**Data extract:**

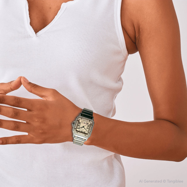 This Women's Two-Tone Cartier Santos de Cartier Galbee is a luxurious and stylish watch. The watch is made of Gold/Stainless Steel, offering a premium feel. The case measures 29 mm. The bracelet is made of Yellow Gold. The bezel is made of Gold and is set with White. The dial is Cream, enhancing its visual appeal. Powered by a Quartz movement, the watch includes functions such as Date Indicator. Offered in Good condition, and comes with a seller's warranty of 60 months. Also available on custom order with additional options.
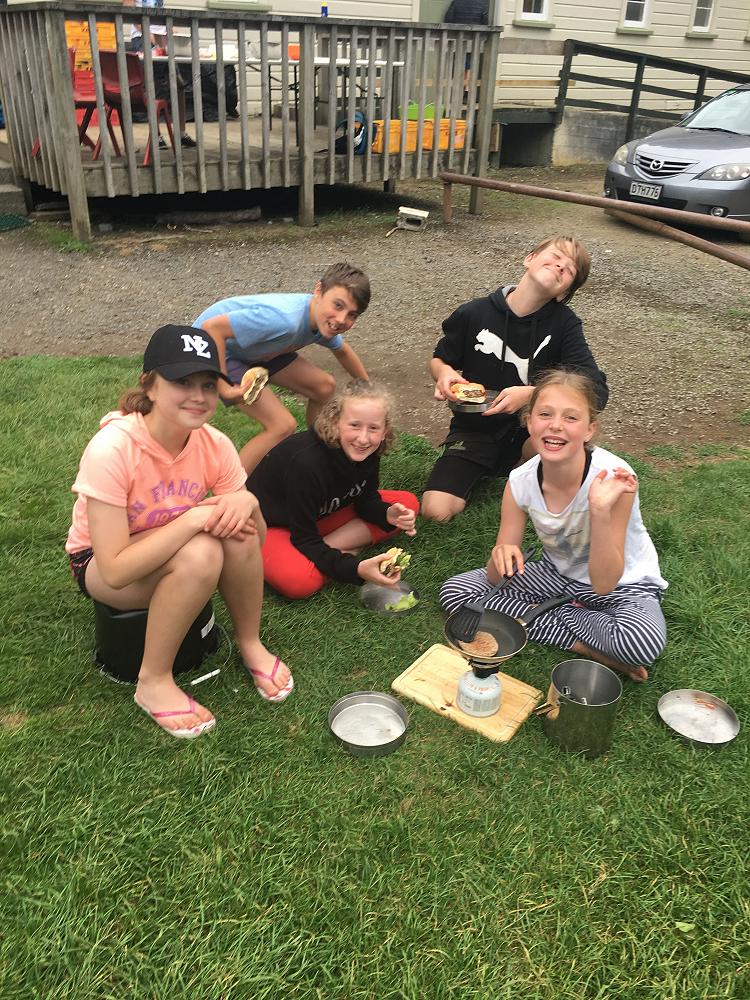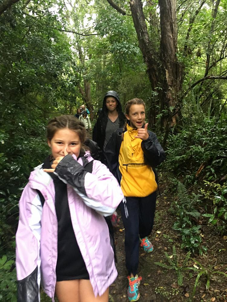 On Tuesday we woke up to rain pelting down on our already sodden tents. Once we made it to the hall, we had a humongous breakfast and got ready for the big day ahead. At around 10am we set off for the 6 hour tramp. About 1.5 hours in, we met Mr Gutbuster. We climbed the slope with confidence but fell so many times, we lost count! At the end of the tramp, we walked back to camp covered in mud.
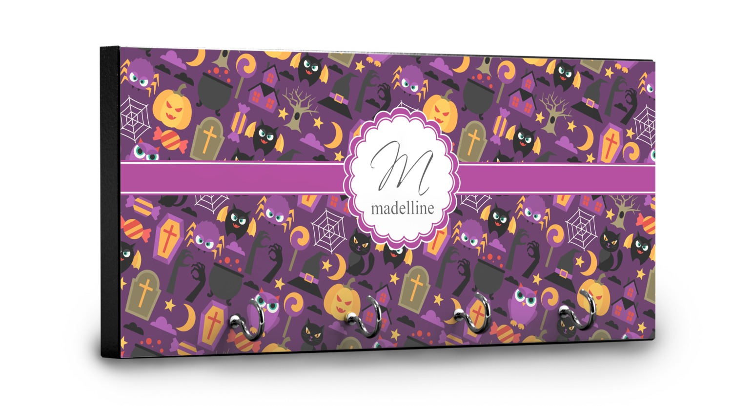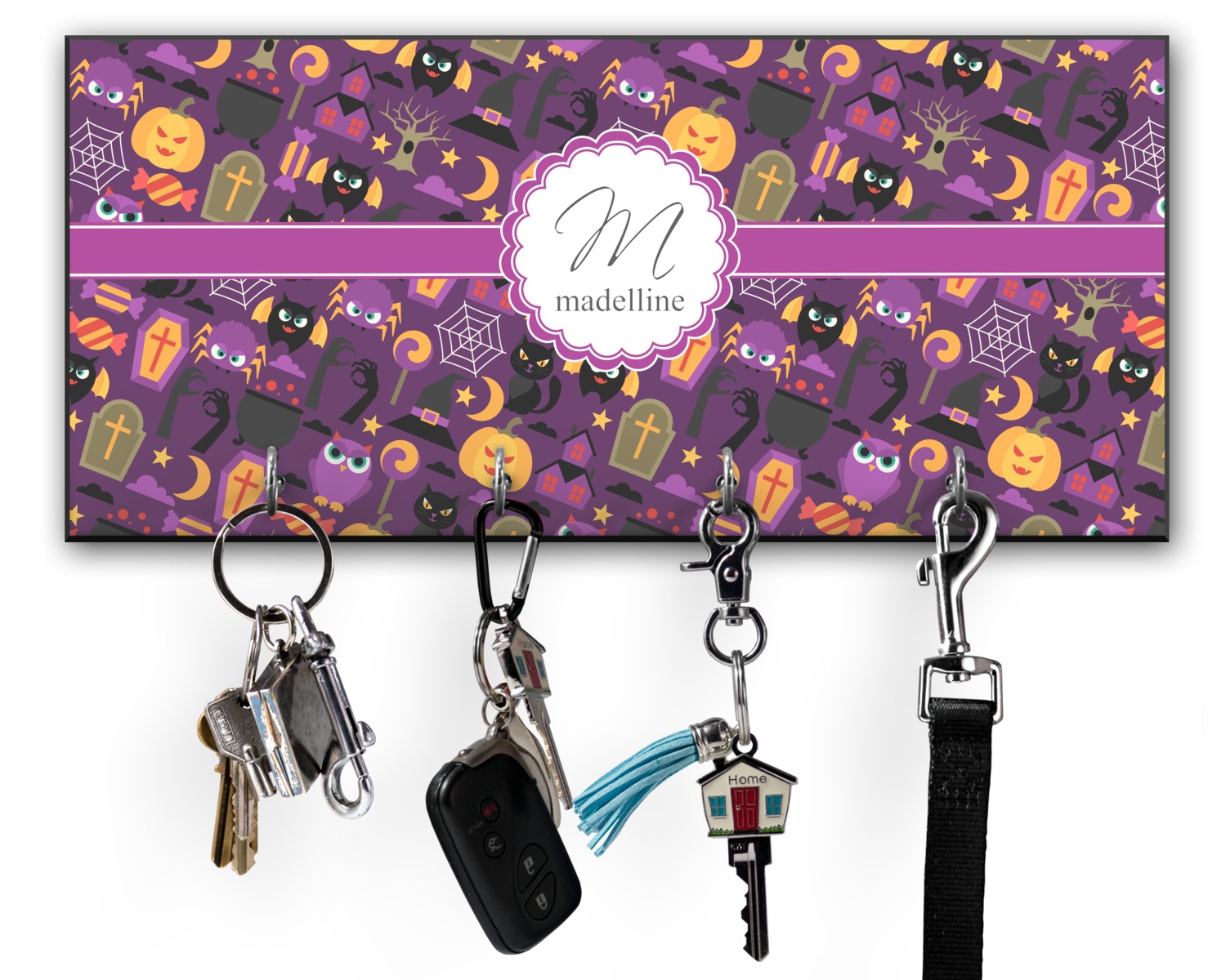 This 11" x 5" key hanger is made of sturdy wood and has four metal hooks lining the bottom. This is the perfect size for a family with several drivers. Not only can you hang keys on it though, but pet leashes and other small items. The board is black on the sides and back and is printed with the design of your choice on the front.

**About this exercise:**
Go through the listing above and retype it exactly, skipping every picture.

**Exercise answer:**
 This Women's Two-Tone Cartier Santos de Cartier Galbee is a luxurious and stylish watch. The watch is made of Gold/Stainless Steel, offering a premium feel. The case measures 29 mm. The bracelet is made of Yellow Gold. The bezel is made of Gold and is set with White. The dial is Cream, enhancing its visual appeal. Powered by a Quartz movement, the watch includes functions such as Date Indicator. Offered in Good condition, and comes with a seller's warranty of 60 months. Also available on custom order with additional options.
 On Tuesday we woke up to rain pelting down on our already sodden tents. Once we made it to the hall, we had a humongous breakfast and got ready for the big day ahead. At around 10am we set off for the 6 hour tramp. About 1.5 hours in, we met Mr Gutbuster. We climbed the slope with confidence but fell so many times, we lost count! At the end of the tramp, we walked back to camp covered in mud.
 This 11" x 5" key hanger is made of sturdy wood and has four metal hooks lining the bottom. This is the perfect size for a family with several drivers. Not only can you hang keys on it though, but pet leashes and other small items. The board is black on the sides and back and is printed with the design of your choice on the front.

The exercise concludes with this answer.